Pernyataan Ibas ini menekankan pentingnya pendekatan yang berkelanjutan dalam pembangunan ekonomi. Dengan menyeimbangkan pertumbuhan ekonomi dan pelestarian lingkungan, ASEAN dapat memastikan kemakmuran jangka panjang bagi warganya. Hal ini juga sejalan dengan Tujuan Pembangunan Berkelanjutan (SDGs) yang diadopsi oleh PBB.
Dukungan dari Universitas Malaya dan PPI
Kuliah umum ini disambut positif oleh Universitas Malaya. Associate Deputy Vice-Chancellor (Academic & International), Prof. Dr. Yvonne Lim Ai Lian, menyebut kuliah ini sebagai penegasan hubungan hangat Indonesia-Malaysia. "Kami berharap para pemimpin yang berpikiran maju seperti Dr. Edhie Baskoro dapat membantu kami untuk berefleksi, beradaptasi, dan berinovasi. Kuliah ini lebih dari sekadar pertukaran akademis, tapi penegasan kembali hubungan hangat yang kuat antara Malaysia dan Indonesia," ucap Yvonne.

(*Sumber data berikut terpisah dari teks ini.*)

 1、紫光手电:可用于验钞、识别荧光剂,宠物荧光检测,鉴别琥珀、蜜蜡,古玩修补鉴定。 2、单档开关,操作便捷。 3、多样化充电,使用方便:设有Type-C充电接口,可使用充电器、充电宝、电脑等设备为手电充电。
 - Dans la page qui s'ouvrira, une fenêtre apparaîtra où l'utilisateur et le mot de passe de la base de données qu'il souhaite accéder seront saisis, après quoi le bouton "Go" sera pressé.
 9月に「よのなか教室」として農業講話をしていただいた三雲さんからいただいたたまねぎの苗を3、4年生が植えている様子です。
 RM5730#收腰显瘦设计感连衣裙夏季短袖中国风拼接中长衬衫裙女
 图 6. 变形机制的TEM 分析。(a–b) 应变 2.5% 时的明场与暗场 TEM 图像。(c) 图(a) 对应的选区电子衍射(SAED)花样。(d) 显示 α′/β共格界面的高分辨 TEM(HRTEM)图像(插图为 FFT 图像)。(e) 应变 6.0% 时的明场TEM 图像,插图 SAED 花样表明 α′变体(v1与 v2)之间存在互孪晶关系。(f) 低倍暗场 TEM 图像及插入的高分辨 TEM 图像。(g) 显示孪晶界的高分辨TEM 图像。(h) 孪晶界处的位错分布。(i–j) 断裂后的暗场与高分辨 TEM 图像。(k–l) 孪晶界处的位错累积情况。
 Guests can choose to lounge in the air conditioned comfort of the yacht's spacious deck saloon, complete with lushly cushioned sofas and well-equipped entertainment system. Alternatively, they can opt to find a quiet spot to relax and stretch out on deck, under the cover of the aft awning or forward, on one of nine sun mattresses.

Sekretaris Jenderal Perhimpunan Pelajar Indonesia (PPI) di Universitas Malaya, Nasatha, juga menyampaikan antusiasmenya. "Kami mendapat banyak ilmu baru, terutama tentang isu AI, SDGs, dan hal-hal yang harus dihadapi ASEAN di dunia yang terus berubah ini. Terima kasih Dr. Edhie Baskoro, kami sangat berharap akan ada kesempatan di masa mendatang baginya untuk mengunjungi Universitas Malaya lagi," ujar Nasatha. Dukungan dari berbagai pihak ini menunjukkan pentingnya inisiatif Ibas dalam mendorong ASEAN untuk menjadi pelopor dalam menghadapi tantangan global.

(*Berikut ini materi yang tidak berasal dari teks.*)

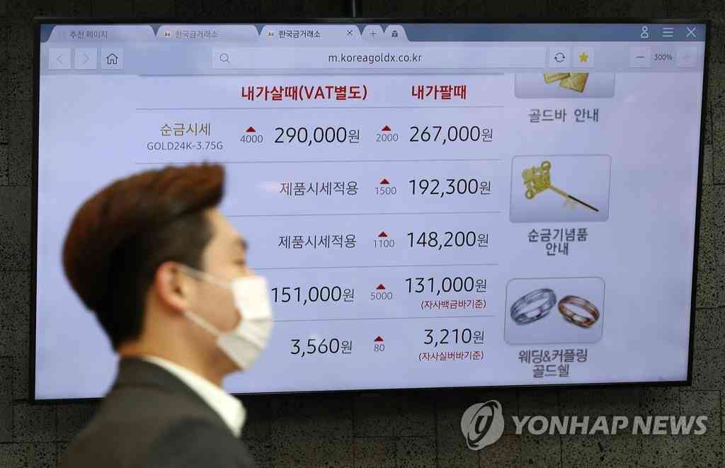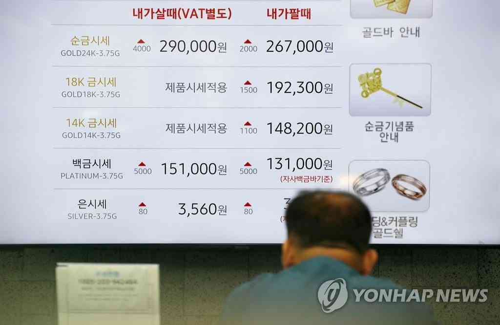 7月23日,在首爾鐘路區(qū)韓國黃金交易所,電子屏幕上顯示著黃金市場行情。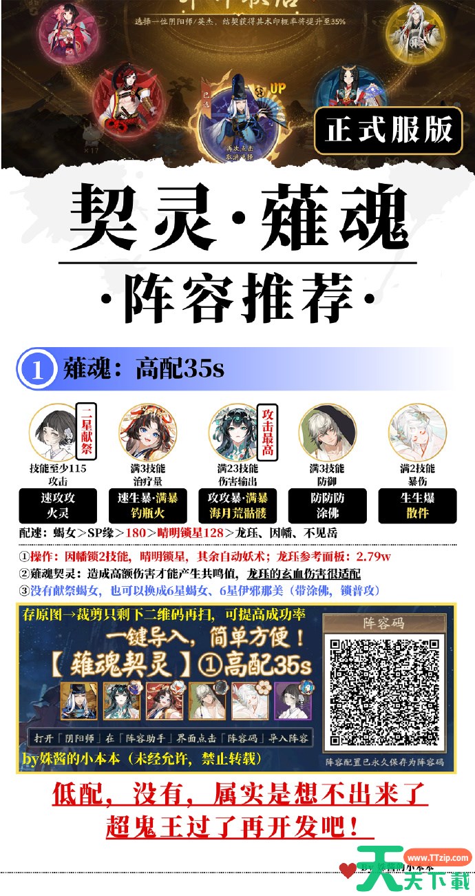 以上就是天天下载(ttzip.com)为大家带来的阴阳师薙魂契灵阵容怎么搭配解答,大家都了解了吗?还想要了解更多的内容那就请继续关注天天下载(ttzip.com)吧。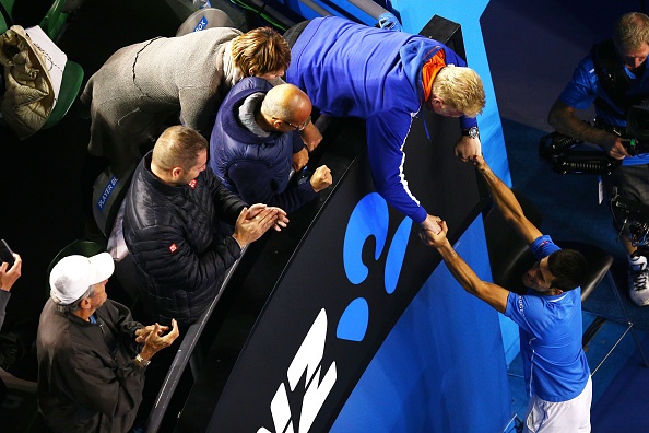 | Hạt giống số 1 ăn mừng chức vô địch Australian Open thứ 5 trong sự nghiệp với ông thầy Boris Becker và các thành viên trong ban huấn luyện. |

Kesimpulannya, seruan Ibas untuk ASEAN agar memimpin dalam menghadapi tantangan AI dan perubahan iklim merupakan langkah penting. Kolaborasi regional dan komitmen terhadap inovasi serta keberlanjutan sangat krusial untuk memastikan masa depan yang lebih baik bagi kawasan Asia Tenggara.